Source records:
--- --- ---

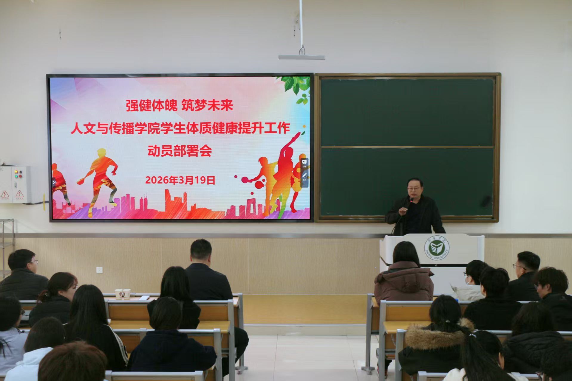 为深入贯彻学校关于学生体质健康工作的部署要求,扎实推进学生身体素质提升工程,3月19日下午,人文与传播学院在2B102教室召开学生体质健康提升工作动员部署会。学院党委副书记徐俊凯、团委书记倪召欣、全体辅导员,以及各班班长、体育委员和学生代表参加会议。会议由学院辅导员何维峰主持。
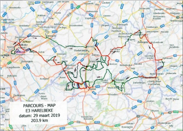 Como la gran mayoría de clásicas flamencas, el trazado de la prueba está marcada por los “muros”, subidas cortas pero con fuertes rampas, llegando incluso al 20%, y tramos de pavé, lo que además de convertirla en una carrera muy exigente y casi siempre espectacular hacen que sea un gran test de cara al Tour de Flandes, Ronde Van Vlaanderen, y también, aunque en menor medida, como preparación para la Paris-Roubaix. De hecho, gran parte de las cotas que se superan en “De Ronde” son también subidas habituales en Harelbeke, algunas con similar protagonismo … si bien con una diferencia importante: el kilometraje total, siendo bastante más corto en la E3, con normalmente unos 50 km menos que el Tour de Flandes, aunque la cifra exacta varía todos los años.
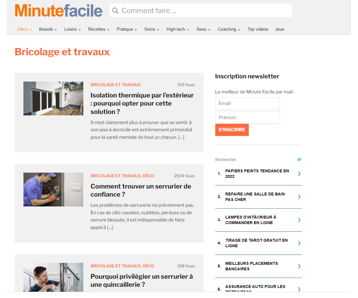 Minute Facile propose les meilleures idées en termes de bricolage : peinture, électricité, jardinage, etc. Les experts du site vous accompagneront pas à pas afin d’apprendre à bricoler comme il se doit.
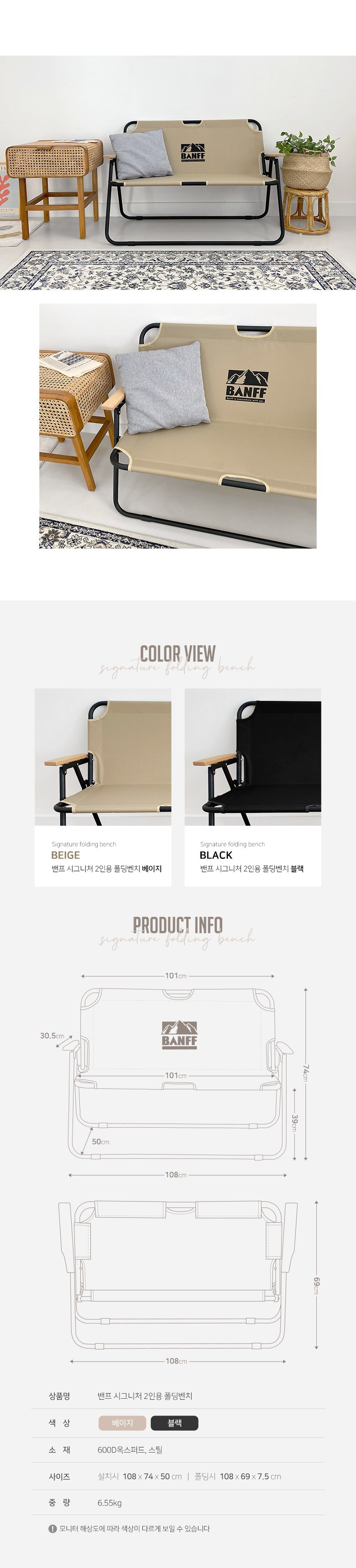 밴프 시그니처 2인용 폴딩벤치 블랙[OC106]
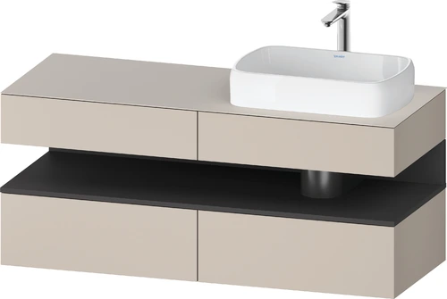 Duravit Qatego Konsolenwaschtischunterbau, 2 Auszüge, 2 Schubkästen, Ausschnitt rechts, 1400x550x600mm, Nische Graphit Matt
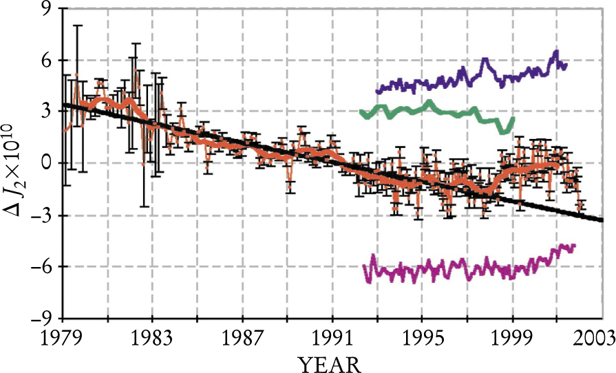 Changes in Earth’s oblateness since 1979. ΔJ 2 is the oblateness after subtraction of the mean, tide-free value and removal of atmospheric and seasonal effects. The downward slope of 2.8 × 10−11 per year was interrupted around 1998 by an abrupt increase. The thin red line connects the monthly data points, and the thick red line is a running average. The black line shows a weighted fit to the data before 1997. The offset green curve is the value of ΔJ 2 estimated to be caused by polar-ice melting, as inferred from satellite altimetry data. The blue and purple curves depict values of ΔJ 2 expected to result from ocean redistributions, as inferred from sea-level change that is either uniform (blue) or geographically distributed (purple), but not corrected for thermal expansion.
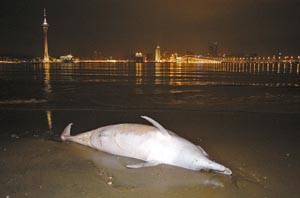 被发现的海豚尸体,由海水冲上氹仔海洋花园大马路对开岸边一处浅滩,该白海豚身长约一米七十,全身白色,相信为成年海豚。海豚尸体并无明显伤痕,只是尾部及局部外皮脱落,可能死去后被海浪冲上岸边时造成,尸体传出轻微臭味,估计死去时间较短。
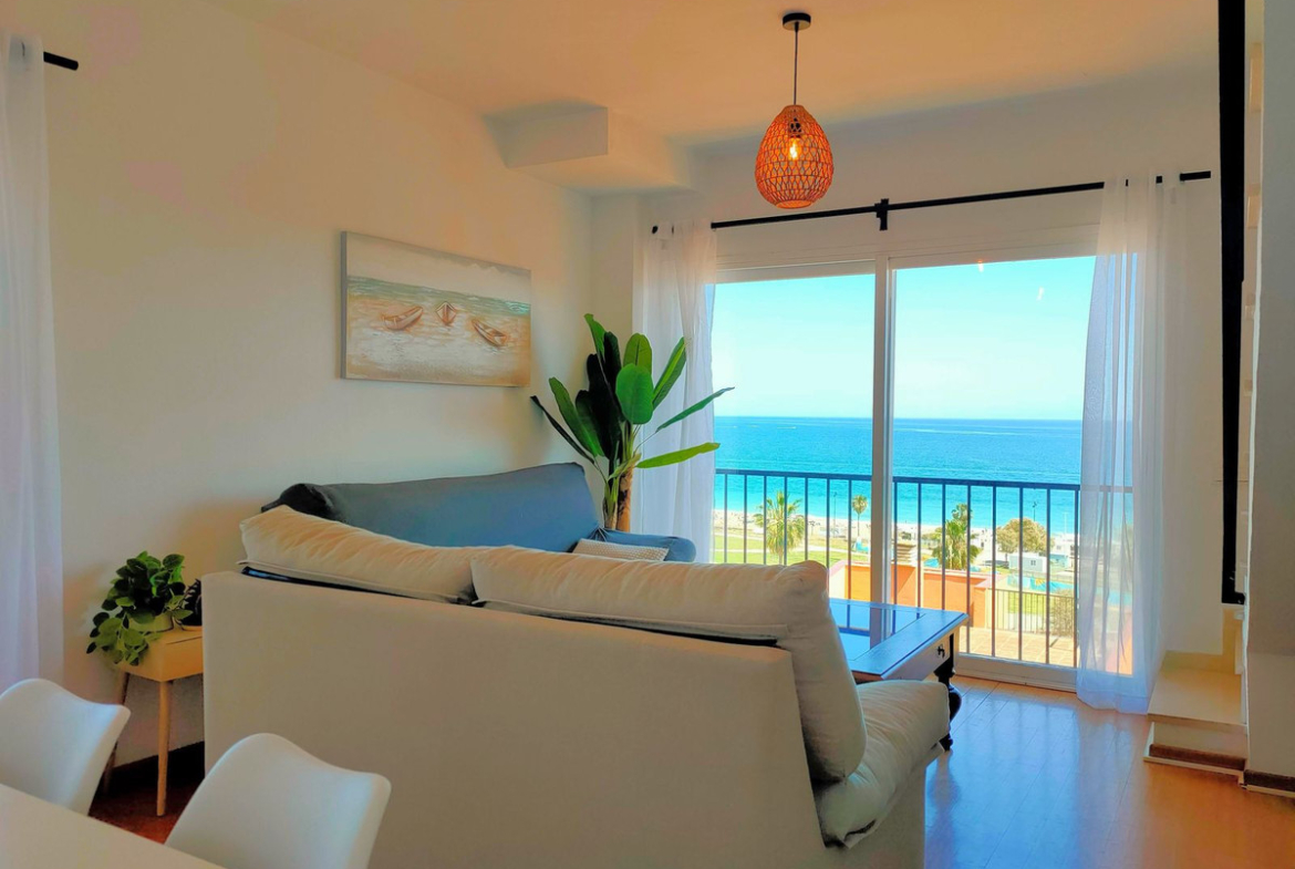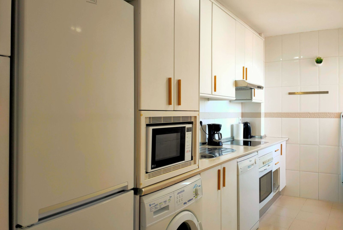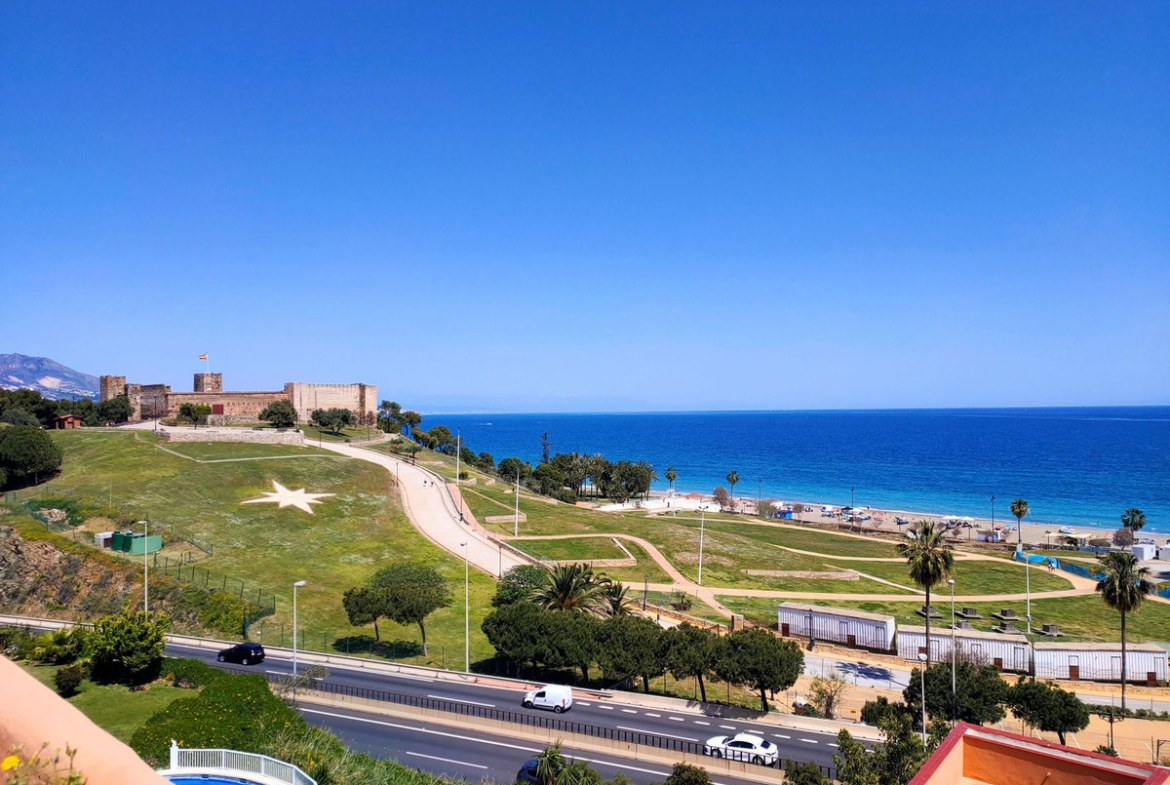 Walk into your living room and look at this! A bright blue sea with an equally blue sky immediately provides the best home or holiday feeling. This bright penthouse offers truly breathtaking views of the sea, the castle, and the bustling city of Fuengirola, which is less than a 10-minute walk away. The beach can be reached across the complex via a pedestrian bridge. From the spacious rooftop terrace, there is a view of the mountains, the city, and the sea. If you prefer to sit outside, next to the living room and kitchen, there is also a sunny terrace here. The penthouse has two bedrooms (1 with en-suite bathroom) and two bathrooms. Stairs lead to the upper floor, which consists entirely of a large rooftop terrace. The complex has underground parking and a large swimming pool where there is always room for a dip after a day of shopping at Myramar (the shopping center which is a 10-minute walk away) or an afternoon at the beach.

--- --- ---

◆ **TASK GOAL**: From the records above, write out exactly the lines that begin at the line with "밴프 시그니처 2인용 폴딩벤치 블랙[OC106]" and end at the line with "被发现的海豚尸体,由海水冲上". Pictures must not appear in the output.

◆ **TASK ANSWER**:
 밴프 시그니처 2인용 폴딩벤치 블랙[OC106]
 Duravit Qatego Konsolenwaschtischunterbau, 2 Auszüge, 2 Schubkästen, Ausschnitt rechts, 1400x550x600mm, Nische Graphit Matt
 Changes in Earth’s oblateness since 1979. ΔJ 2 is the oblateness after subtraction of the mean, tide-free value and removal of atmospheric and seasonal effects. The downward slope of 2.8 × 10−11 per year was interrupted around 1998 by an abrupt increase. The thin red line connects the monthly data points, and the thick red line is a running average. The black line shows a weighted fit to the data before 1997. The offset green curve is the value of ΔJ 2 estimated to be caused by polar-ice melting, as inferred from satellite altimetry data. The blue and purple curves depict values of ΔJ 2 expected to result from ocean redistributions, as inferred from sea-level change that is either uniform (blue) or geographically distributed (purple), but not corrected for thermal expansion.
 被发现的海豚尸体,由海水冲上氹仔海洋花园大马路对开岸边一处浅滩,该白海豚身长约一米七十,全身白色,相信为成年海豚。海豚尸体并无明显伤痕,只是尾部及局部外皮脱落,可能死去后被海浪冲上岸边时造成,尸体传出轻微臭味,估计死去时间较短。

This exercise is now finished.